In April 2005, Kerrang! magazine ranked him No. 28 in their "50 Sexiest People in Rock" poll. Cosmopolitan also chose him as the sexiest rocker of 2003 and 2004. NME Magazine voted him the "14th Greatest Rock 'n' roll Hero of all time", ahead of John Lennon and Bob Dylan. Bellamy also won the Sexiest Male Award at the 2007 NME Awards. He won again in 2009, 2010, 2011, 2013 and 2014 and was nominated in 2012. Bellamy, however, declared himself "too short to be sexy" (he is 5' 7"), and said the award should have gone to Dominic Howard, Muse's drummer. Bellamy also won the "Hero of the Year" award at the 2012 NME Awards. On 26 September 2008, the University of Plymouth awarded the members of Muse an honorary doctorate degree for their work in music.

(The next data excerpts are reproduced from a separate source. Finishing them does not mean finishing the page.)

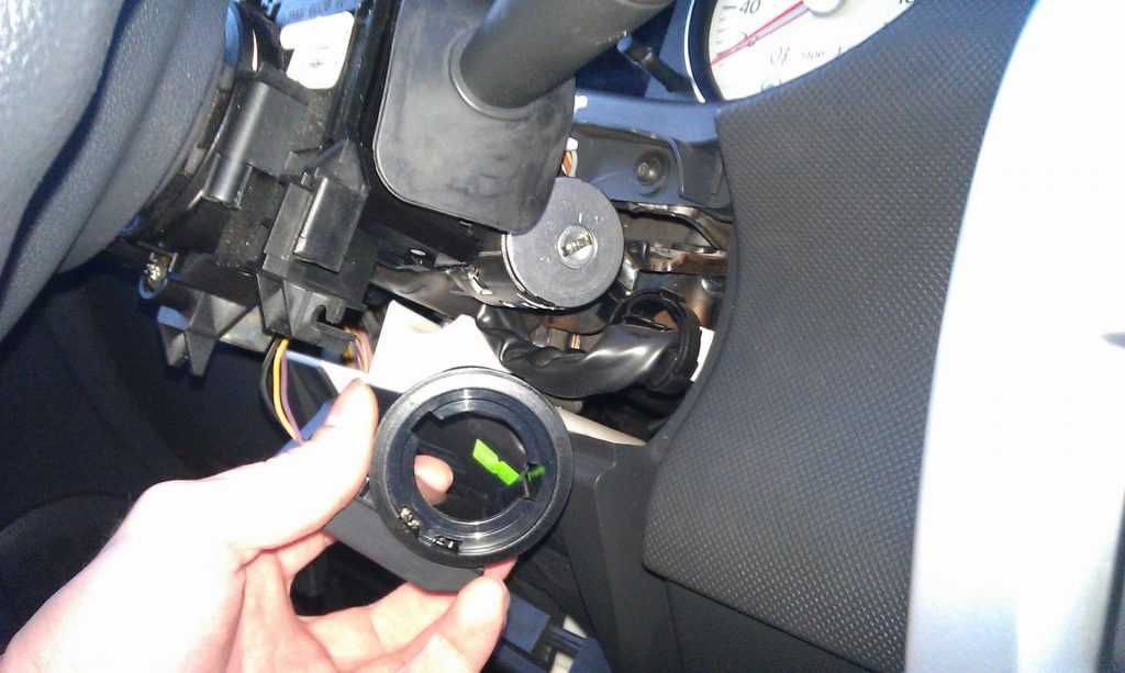 - Шлейф на две жилы используется для подсоединения наружной катушки. Монтаж этого компонента обычно осуществляется рядом с замком зажигания, для этого потребуется снять с него облицовку.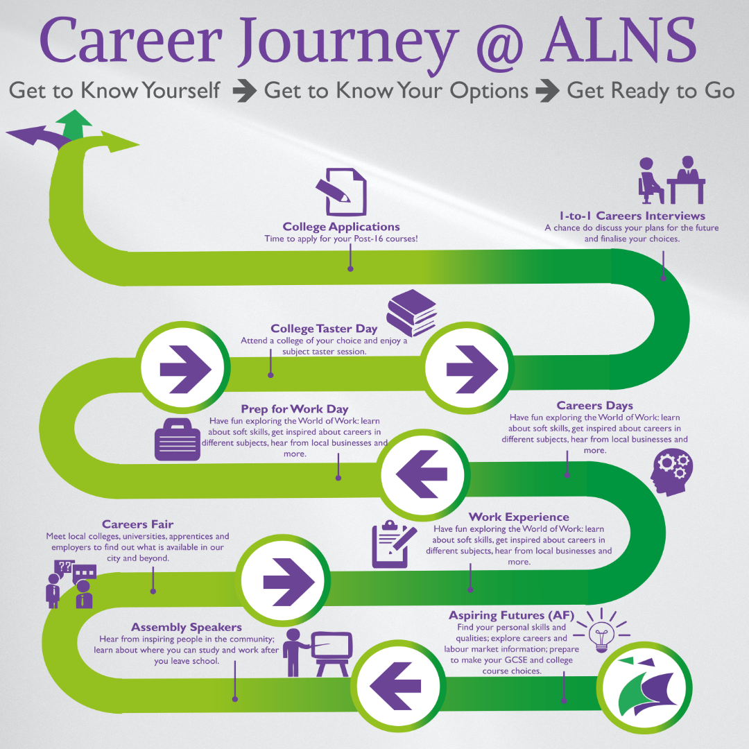 There is support for all students as they consider their life aspirations, and it is available throughout their time at ALNS. Specific careers lessons take place during “Aspiring Futures” (AF) lessons throughout each year and all students will have the chance to participate in Personal Development (PD) days each half term, with specific focus on their future choices.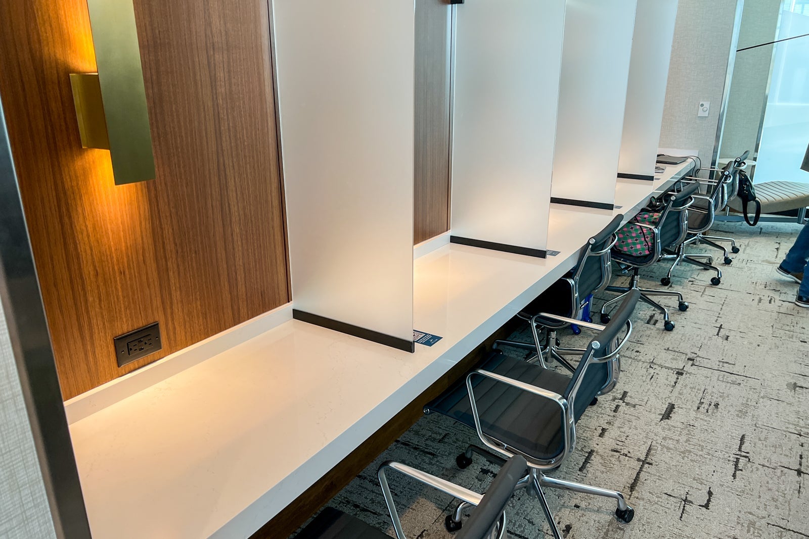 To the right of the bar is the lounge's productivity area, likely designed with business travelers in mind. You'll find a row of traditional desks lining the wall.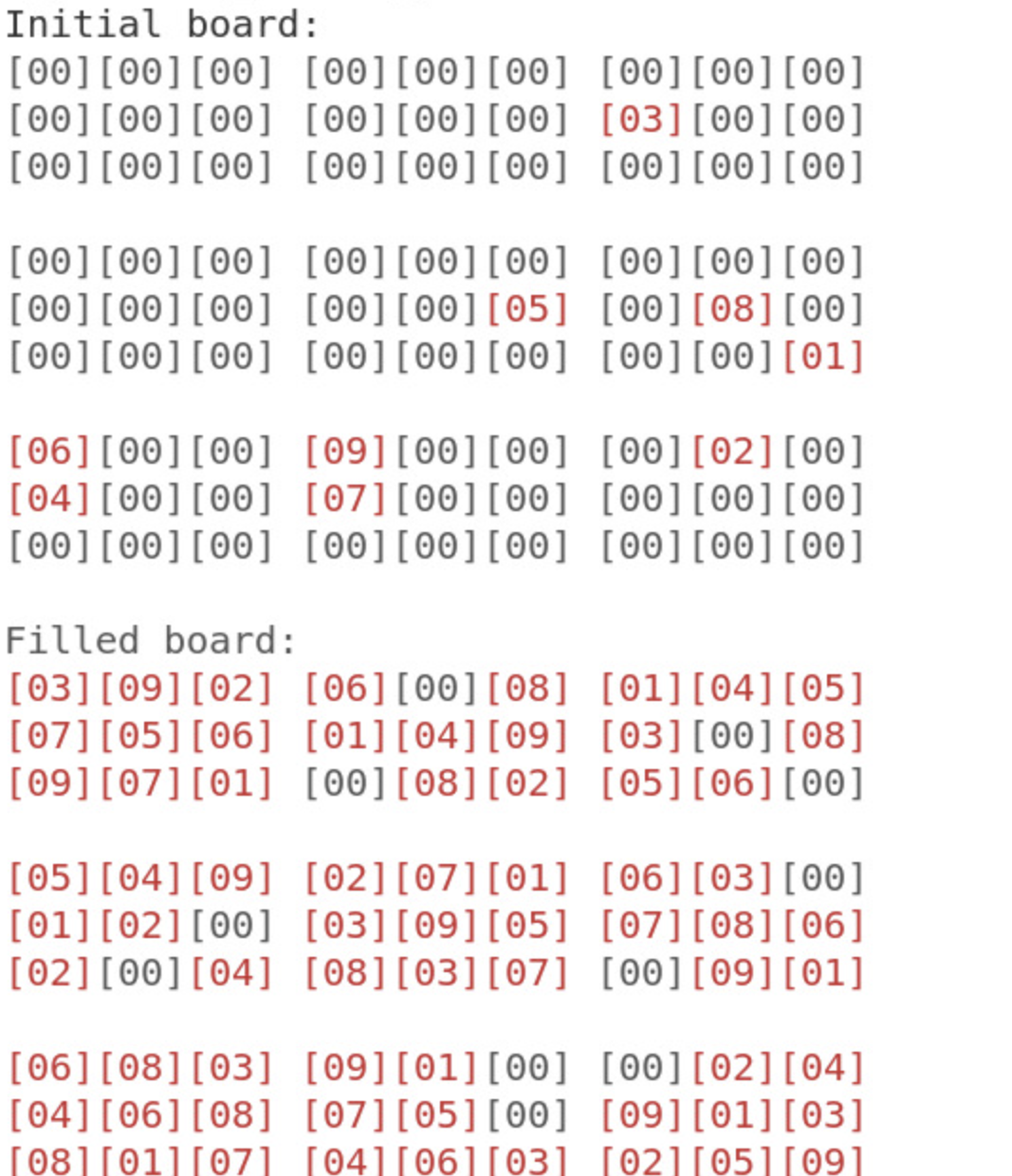 - There is some missing printout as compared to the sample output given by the guideline. The final puzzles should be printed out in both Python dictionary format and board format as shown in the example output.

In the January 2010 edition of Total Guitar, Bellamy was named "Guitarist of the Decade" and was proclaimed to be "the Hendrix of his generation". In the Guinness Book of World Records 2010, Bellamy is credited as holding the world record for most guitars smashed on a tour. His record, 140, was set during the Absolution Tour. In April 2010, Bellamy was named the eighth best front man of all time by the readers of Q. In December 2010, MusicRadar readers voted Bellamy the 9th greatest lead singer of all time. In 2010, a BBC Radio 6 survey named Bellamy the third-best guitarist of the last 30 years.

Political views 
Bellamy describes himself as a "left-leaning libertarian", "in the realm of Noam Chomsky". He coined the term "meta-centrism" to describe his political views in 2022, calling it "an oscillation between liberal, libertarian values for individuals ... but then more socialist on things like land ownership, nature and energy distribution". He supports the abolition of the British monarchy, the abolition of the House of Lords, decentralised government, decarbonisation, land value tax and limits on the size of corporations. In 2009, Bellamy said he had been influenced by Confessions of an Economic Hitman by John Perkins for the song "Uprising", and expressed his views that lobbyists have undue influence on politics. He said that "when people become powerful they often have a disregard for public opinion". 

Bellamy expressed interest in conspiracy theories, including the theory that the 9/11 attacks were an "inside job". However, in 2022, he described these notions as quackery and said he had abandoned them. He said conspiracy theories were attractive because they were distractions from pressing issues and that "there's a comfort that maybe human beings somewhere, even if they're evil, are in control, when in fact the truth is far more frightening – there are no humans in control and it's all a bunch of chaos". Bellamy invests in startups in Silicon Valley focusing on clean energy. He said: "That has given me optimism. When you hear their ideas and their vision for the future, it does give you genuine hope that a lot of the biggest issues we're facing could be solved." Bellamy is vaccinated against COVID-19 and supports masking during the COVID-19 pandemic.

Bellamy expressed discomfort when the lyrics of Muse's 2009 album The Resistance were adopted by the rightwing Fox News anchor Glenn Beck, and when the song "Uprising" was used in YouTube videos advocating for conspiracy theories. Muse refused requests from American politicians to use "Uprising" in their rallies. Beck responded in an open letter to Bellamy: "As uncomfortable as it might be for you, I will still play your songs loudly. To me your songs are anthems that beg for choruses of unity and pose the fundamental question facing the world today – can man rule himself?"

Personal life
Bellamy began dating the American actress Kate Hudson in mid-2010. They became engaged in April 2011. Their son, Bingham Bellamy, was born in July 2011. In December 2014, Bellamy and Hudson announced that they had ended their engagement. Bellamy mentioned applying for an Irish passport due to Brexit, as he qualifies for one through his Belfast-born mother. During a concert at Tennent's Vital 2017 in Belfast, Bellamy told the crowd that he was found to be 53% Irish following a DNA test.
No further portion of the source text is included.